Dünya Sağlık Örgütü’nün günlük kişi başı tuz tüketimini 5 gramın üstünde önermediğini ve bu miktarın tepeleme bir çay kaşığına denk geldiğini ifade eden Karaca, bu miktarın içerisinde besinlerin kendi içerisindeki tuz miktarının da dahil olduğunu, bu sebeple tükettiğimiz tuz miktarının vücudumuzun ihtiyacından çok fazla olduğunu dile getirdi.

Karaca, beslememizdeki fazla tuzun, yüksek tansiyon, inme, kalp ve damar hastalıkları ve böbrek hastalıklarına yol açtığını, inme ve kalp hastalıklarının dünya çapında sakatlanma ve ölüme sebep olan en önemli iki neden olduğunu söyledi.

Beslenme konusunda tavsiyelerde bulunan Karaca: “Tuz tüketimi azaltılmalıdır, besinlerin içerisinde olan sodyum miktarının yeterli olduğundan yemek hazırlama ve tüketim esnasında mümkünse tuz ilave edilmemelidir. Hazır soslar, atıştırmalık ürünler, turşu ve salamura, konserve et ve balık ürünleri, aromalı/aromasız doğal/doğal olmayan mineralli içecekler yüksek miktarda tuz içermeleri sebebiyle az tüketilmelidir.” dedi ve şöyle devam etti.

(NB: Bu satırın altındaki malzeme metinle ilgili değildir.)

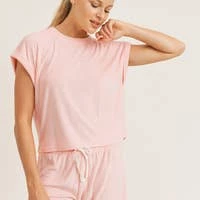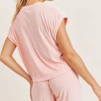 This ultimate lounge tee is so versatile, even outside the house. It features rolled-up wide sleeves, a rounded neckline, and edit length. Super soft terry fabric. Make sure to get the matching shorts for the perfect set!
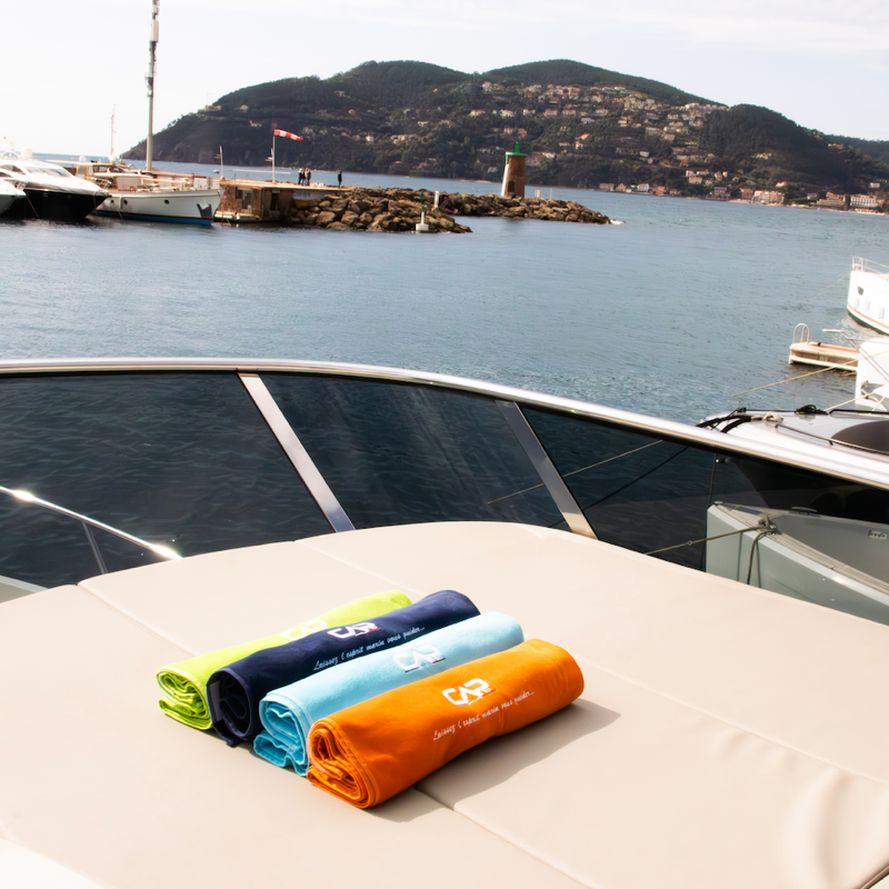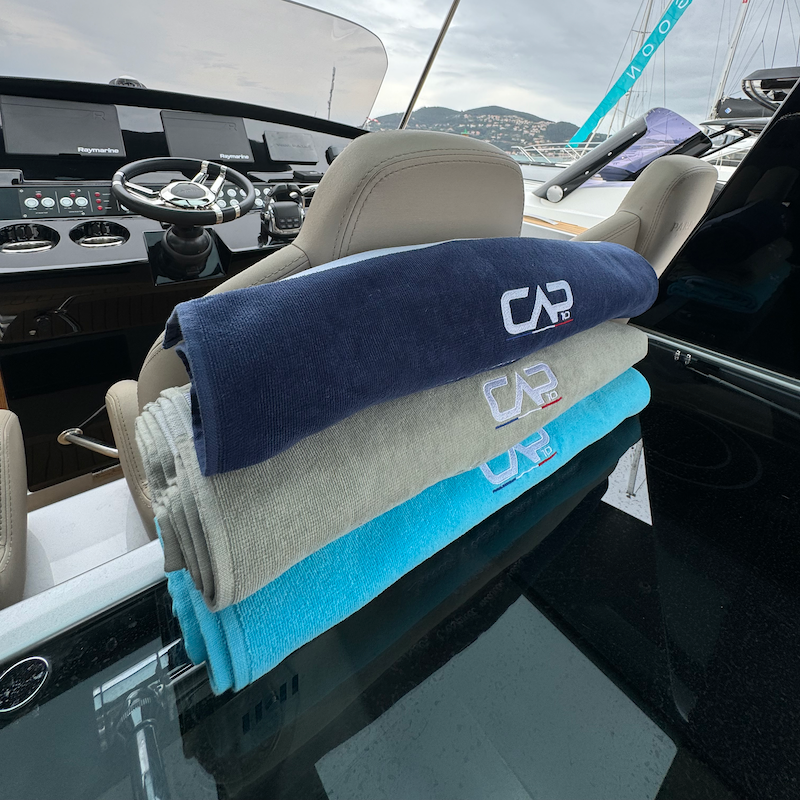 Quoi de plus plaisant que d'avoir, sur son bateau, des draps de plages brodées au nom de celui-ci ?

“Her gün yediğimiz tuzun dörtte üçü zaten paketlenmiş ve hazırlanmış gıdalardadır. Bu tüketici tarafından ortadan kaldırılamaz, bu nedenle insanlara daha az tuz yemelerini söylemek, besin içerikleri tuz ile kaplıyken çok da etkin bir önleme yöntemi olmamaktadır. Bu nedenle özellikle gıda endüstrisinin tuz azaltma politikaları önem taşımaktadır. Bakanlığımızca yapılan protokoller gereği paketli gıda endüstrisi ve lokantacılar kademeli olarak tuz azaltmayı hedef olarak belirlemişlerdir.”

Karaca “Hepimiz, daha uzun ve daha sağlıklı yaşayabilmemiz için tüm yiyecek endüstrisinden yüksek tuz kullanım alışkanlıklarını bırakmalarını istemeyi, takip etmeyi tüm toplum ve politika düzenleyiciler olarak görev haline getirmeliyiz.” diyerek Tuza Dikkat Haftası’nda toplumda yüksek tuz tüketimine dikkat çekti.